The Premont Rural Tech Project allows students to receive hands-on learning in a multitude of different educational areas, including STEM, teaching, the medical field, and technical skills. Premont teams up with Brooks County ISD and Freer ISD to allow its students the wide array of topics to study.

“We want to expose them to any and all opportunities that students across the country would have,” said Donita Powell, the district’s Director of Technology.

Just five years ago, the school district was in danger of closing down. Enrollment numbers were low, and the district was facing financial troubles. However, now it is being recognized as one of the top rural school districts in the nation.

“It’s thrilling, I can’t tell you how satisfying it is,” VanMatre said. “There is a reason that Premont ISD’s enrollment has increased 45% in the past two years, and that reason is we have really good staff, we have a supportive community, and we have really good people and kids that take advantage of these programs. When you put that together, it gets people’s attention.”

Not only will being named a finalist bring the school district more money to put towards the programs it offers its students, but it will also allow it to work with the Department of Education, and the other finalist districts, to help improve the experience of its students.

“We get expertise, technical assistance from the Department of Education, who will be helping the I’ve districts. At the end of the day, it’s not about who’s a winner and who’s a loser, it’s what can we do for the kids. So, we don’t see the school district in Virginia as a competitor, we see them as a partner,” VanMatre said.

One student who benefits from the Rural Tech Program in Premont is junior Makayla Rodriguez. Rodriguez participates in the medical program.

“As they were explaining this program, it was very interesting, and I wanted to be a part of that, because I do want to become something in the medical field whenever I get older,” Rodriguez said.

Rodriguez travels to Freer twice a week for the program. On Friday, she took a test to get her EKG certification, which is one of many certifications she will earn through the medical program. She also hopes to earn an Associate’s Degree before she graduates high school.

“It takes a lot of work. I have done many things to get through this. Studying, late nights, and it just means a lot just being able to graduate with an Associate’s so people can see the things we’re able to accomplish,” Rodriguez said.

Lilly Rodriguez is the Parent Liaison for Premont ISD, and Makayla’s mother. She is grateful Makayla and other Premont students have the opportunities they are given by the district.

“Listening to her talk about it, realizing everything she has learned, it’s just so amazing to see, and makes us very proud,” she said. “The school district here in Premont has endless opportunities for our students, and knowing that my daughter is going to be taking advantage of these opportunities, it’s just an amazing thing.”

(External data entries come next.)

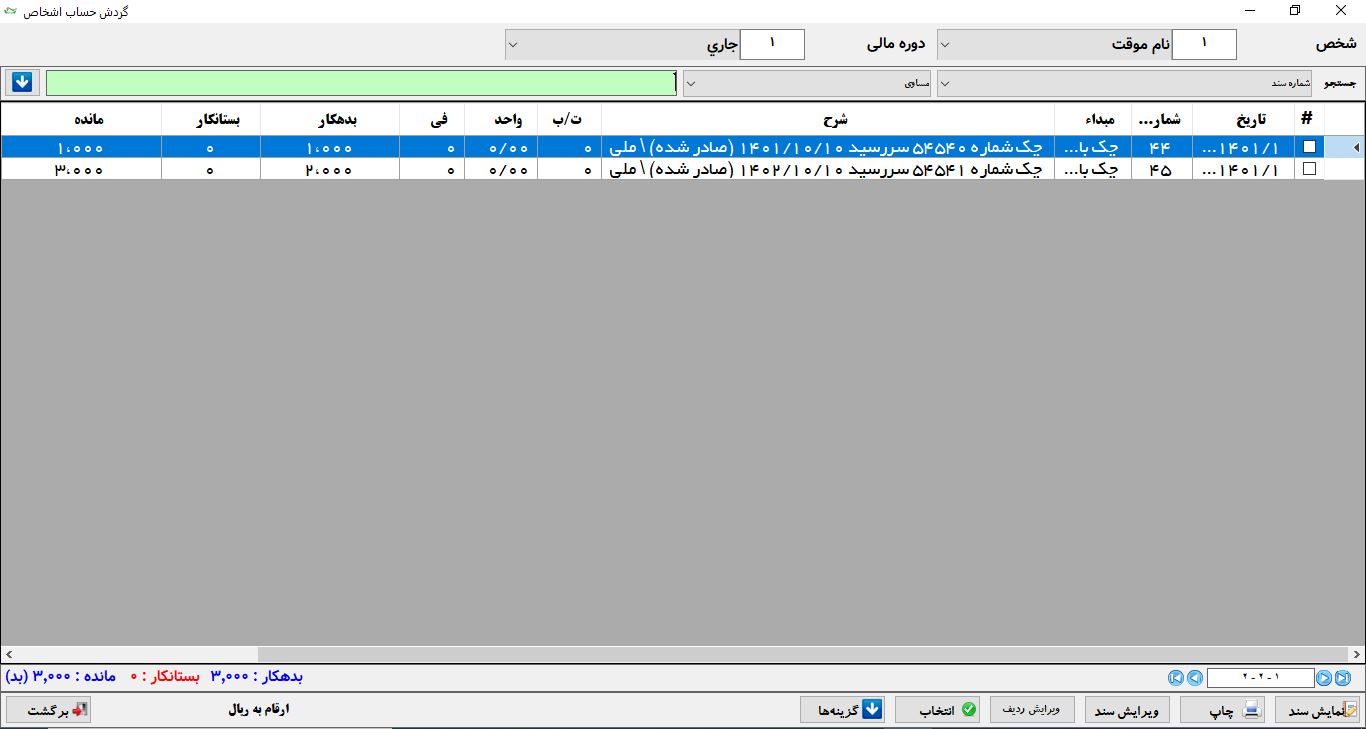 | 11 | هشدار چک های صادره و دریافتی به ازای تعداد روز دلخواه (ویجت) | ||||
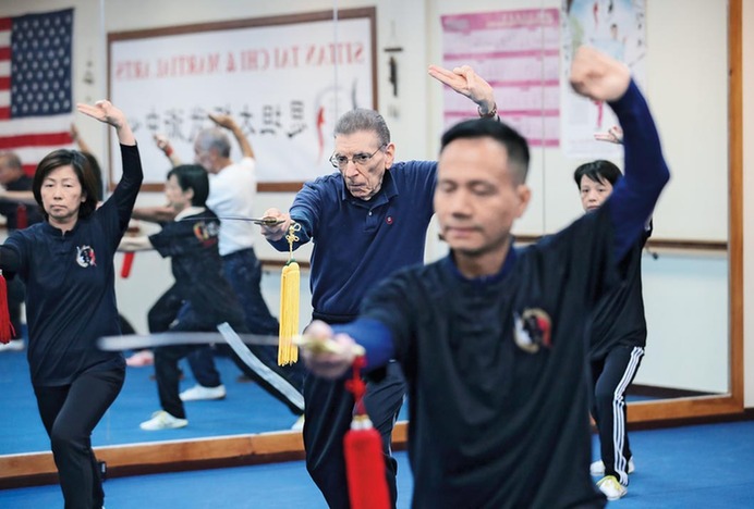 图为2019年11月20日,陈思坦在思坦太极武术中心带学员练习太极剑
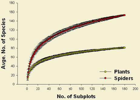 Species area curves for both plant and spider collections were plotted using PC-ORD 5 (McCune & Mefford 2006) to evaluate the suitability of sample size. The average number of species for plants show a tendency to a plateau whereas for spiders tends to continue increasing when reaching 180 subplots (traps). Although this is an indication that sampling effort for spiders was not enough, the data collected is representative for the ground-dwelling assemblage. It can be observed that the accumulation curve seems to start leveling off by the end. In addition, observed species richness (153spp.) correspond in average to more than 80% of estimated richness(ICE: 192 spp., Chao1: 181 spp., Chao2: 184 spp.). These estimations were obtained using EstimateS 7 (Colwell 2006)
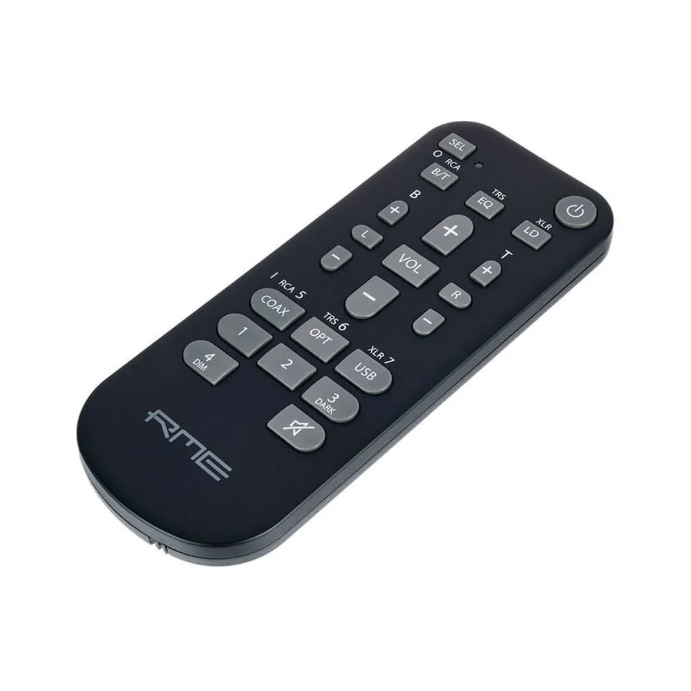 The device has balanced and unbalanced analog outputs. There are S/PDIF inputs: coaxial and optical, supporting the ADAT standard in a 2-channel variant. The RME ADI-2 DAC FS has an asynchronous USB port that accepts audio formats at the highest available resolution. An external adapter is used as the power supply. You can even connect an external battery to the power connector, which will positively impact sound quality. A new 22-button remote control is provided for DAC control.
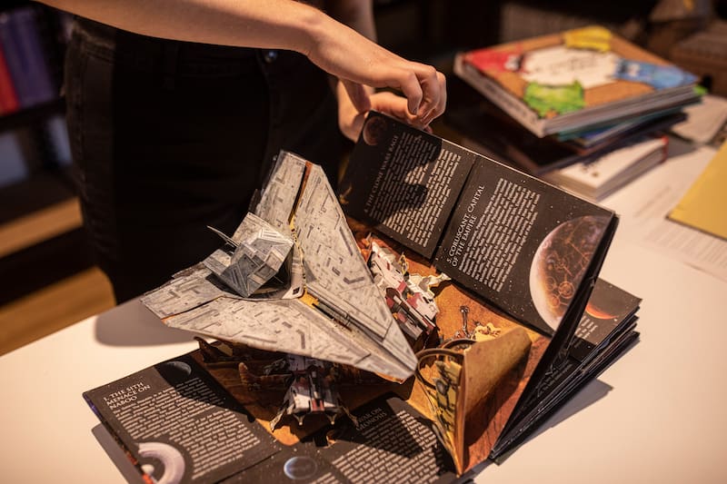 Al final de la galería Italia 1206, hay una vitrina que llama la atención por su voluminosa oferta: libros de Game of Thrones, Star Wars y Harry Potter en formato pop up, es decir, que al abrirlos despliegan figuras con relieve que representan distintas escenas y lugares de dichas historias. Cuando ya pareciera que no existen más productos para regalarles a los fanáticos de estas sagas, librerías como Pop-up –un emprendimiento que nació en plena pandemia, y que desde septiembre de este año tiene tienda física– dan un nuevo aire.
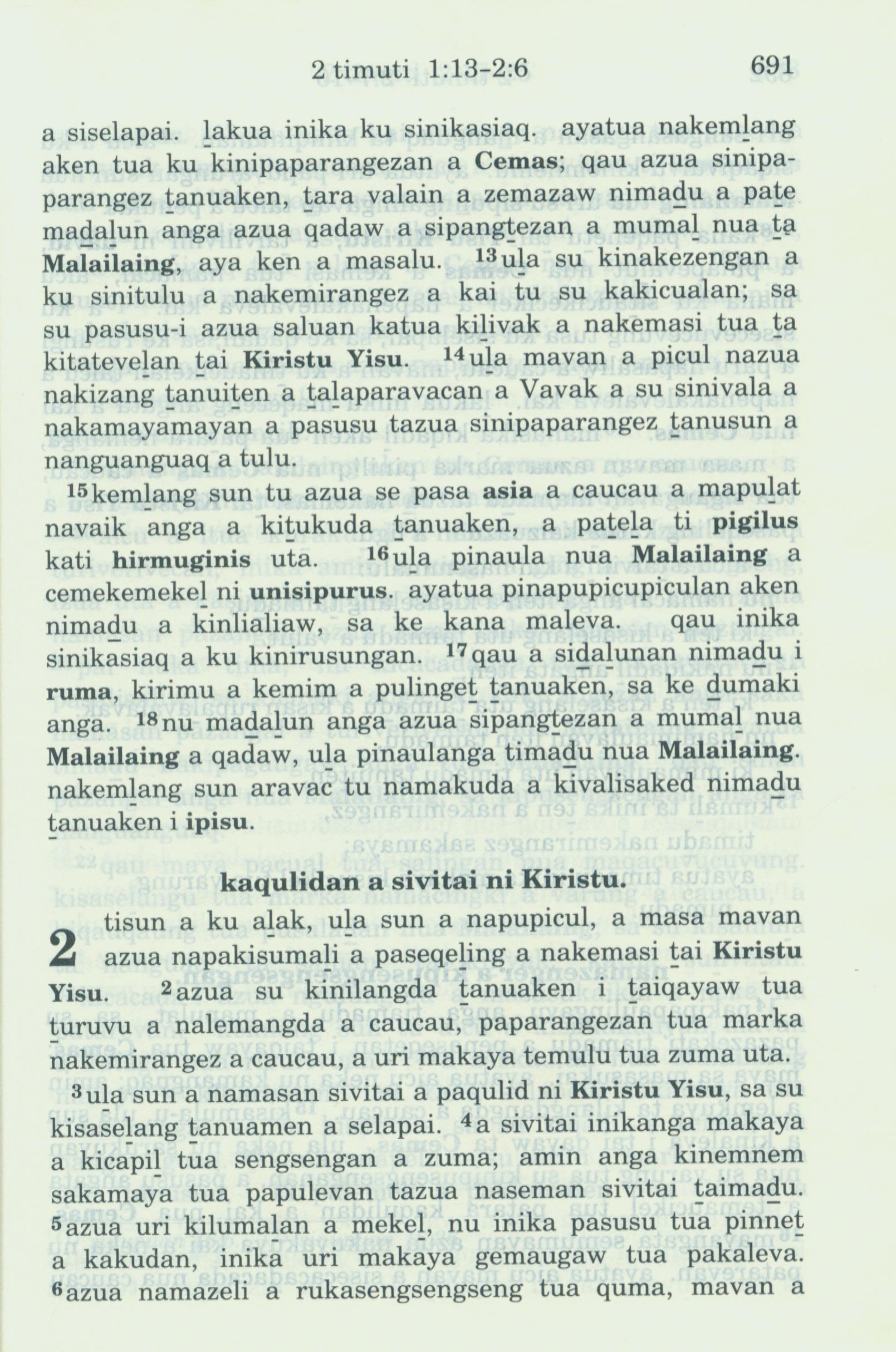 1993年新舊約全書 提摩太後書 1 章 12 節到 2 章 6 節
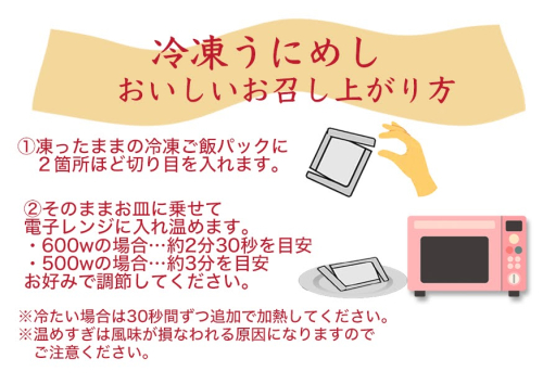 冷凍状態の本品を電子レンジで温めるだけで美味しい「うにめし」が楽しめます。
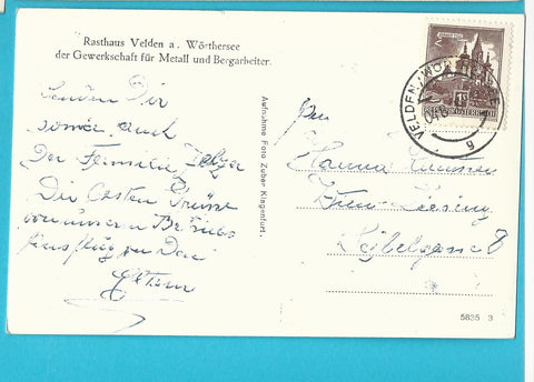 AK Rasthaus Velden am Wörthersee der Gewerkschaft für Metall und Bergarbeiter. Gelaufen. Kleinformat. Verlag: Zuber. Zustand: gut, am rechten Rand und rechtes unteres Eck leicht geknickt.

Not only does the Rural Tech Program allow students to study things they are passionate about, and preparing them for their future, it also allows students to discover exactly what it is that they’re passionate about.

“It just prepares them for their future, gives them a chance to see what they want to be when they grow up,” Lilly Rodriguez said.

Now, Premont will draft, execute, and refine its program over the next two-and-a-half years to compete with the four other finalist districts for the second $100,000 grant. In September 2023, a winner will be chosen.

“I’m just excited about the opportunity for Premont Collegiate High School students,” Powell said.